The sidewalks are about a foot high off the street (that's almost up to my knee). So, as you are walking along and the sidewalk ends (for a cross road or what not), you have to make this big ass step down (KER-PLUNK) then a big step up on the other side (ooOOF). I know I am not the only lazy walker on Cairo streets, because many people have set up little rag-tag pieces of rubble to make an intermediate step.

* * *

As it is in traffic, on the metro, it is not uncommon to see people that walk through the cars selling things you might need. Band-aids, gum, coloring books, blow up guitars, phone credit, stickers. Sometimes the seller will yell out his/her wares, sometimes he/she will throw them in everyone's lap only to make another lap around the car to collect them all back, sometimes they are real sales people with a show.

One day I was sitting (rare) on the metro with my Ipod listening to This American Life watching this Egyptian life. There were two ladies selling household items like hangers, knives, shower curtains, loofas and what not. They apparently were quite good because people kept laughing as they talked about their merchandise and demonstrated the practicality of the loofa on a rope to scrub your back.

And they had potato peelers. 

An old, large woman in a black hijab at the back of the car beckoned to the young ladies, she was interested. The saleswoman showed her the item: high quality, she assured her. There was a thin, Coptic woman next to the old woman. The thin woman reached in her bag, pulled out a potato and handed it to the older woman to try out her peeler. 

* * *

As for the revolution. I need not speculate on what will happen in the future, but today the revolution has affected the metro. 

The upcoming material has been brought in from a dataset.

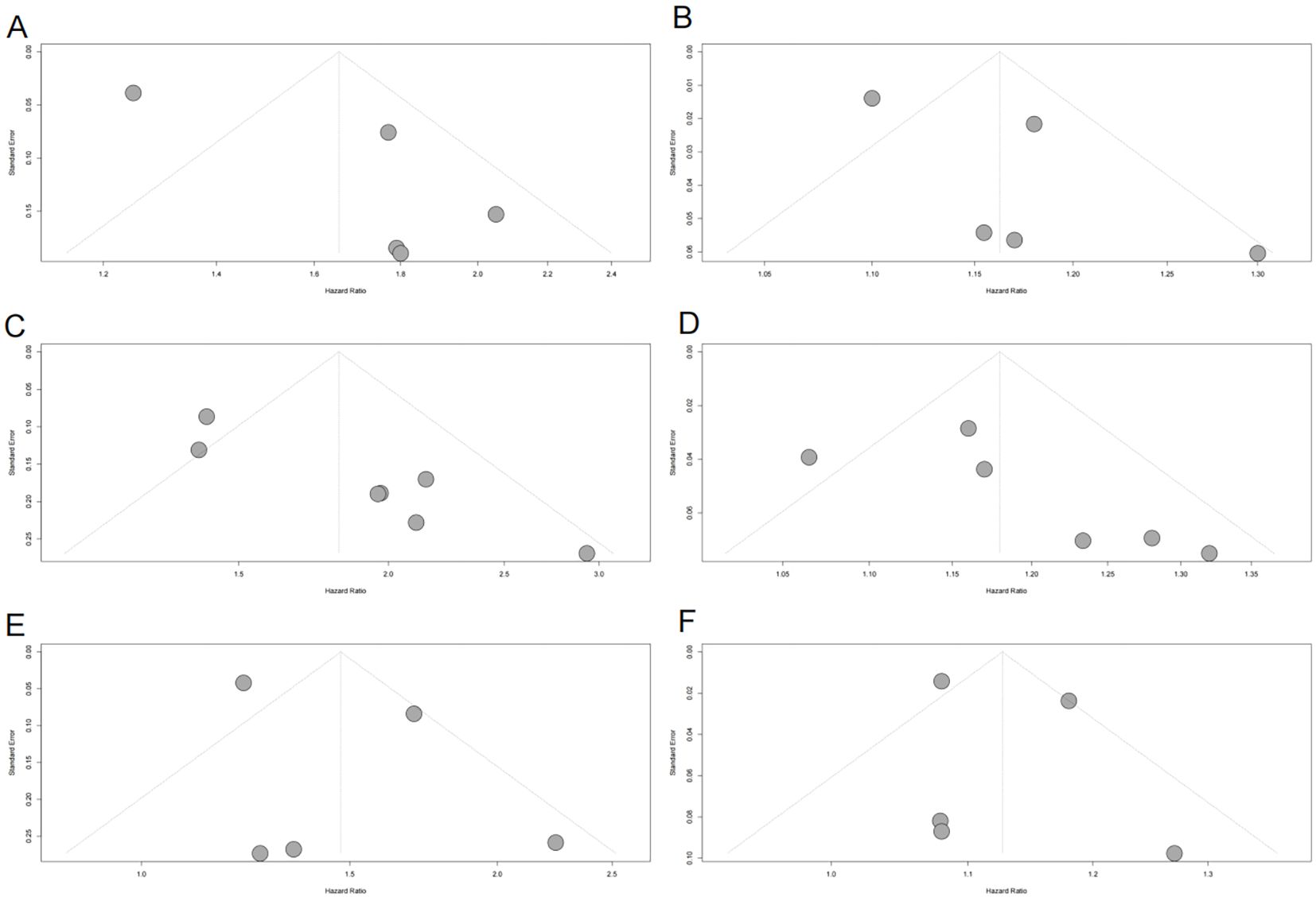 Figure 3. Funnel plots assessing publication bias in the meta-analysis of the association between METS-IR and CVD, CAD, and stroke risks. (A) METS-IR as a categorical variable and CVD risk; (B) METS-IR as a continuous variable and CVD risk; (C) METS-IR as a categorical variable and CAD risk; (D) METS-IR as a continuous variable and CAD risk; (E) METS-IR as a categorical variable and stroke risk; (F) METS-IR as a continuous variable and stroke risk. Gray dots represent individual included studies. METS-IR, metabolic score for insulin resistance; CVD, cardiovascular disease; CAD, coronary artery disease.

As in many metros around the world, in the cars there is a schematic map of the stations along the line. There once was a station called "Mubarak."
First, the station name was scratched out, as if with a boys pocketknife or with a marker or a ball point pen. 
Then, home-made stickers appeared in some cars, with a new name. 
And now a law has been passed to officially rename it. 

Oh the wonders of democracy.

* * *

So why ask why? 
Because sometimes there is an answer.
Because sometimes it is entertaining.
Because sometimes no answer is really just a million answers.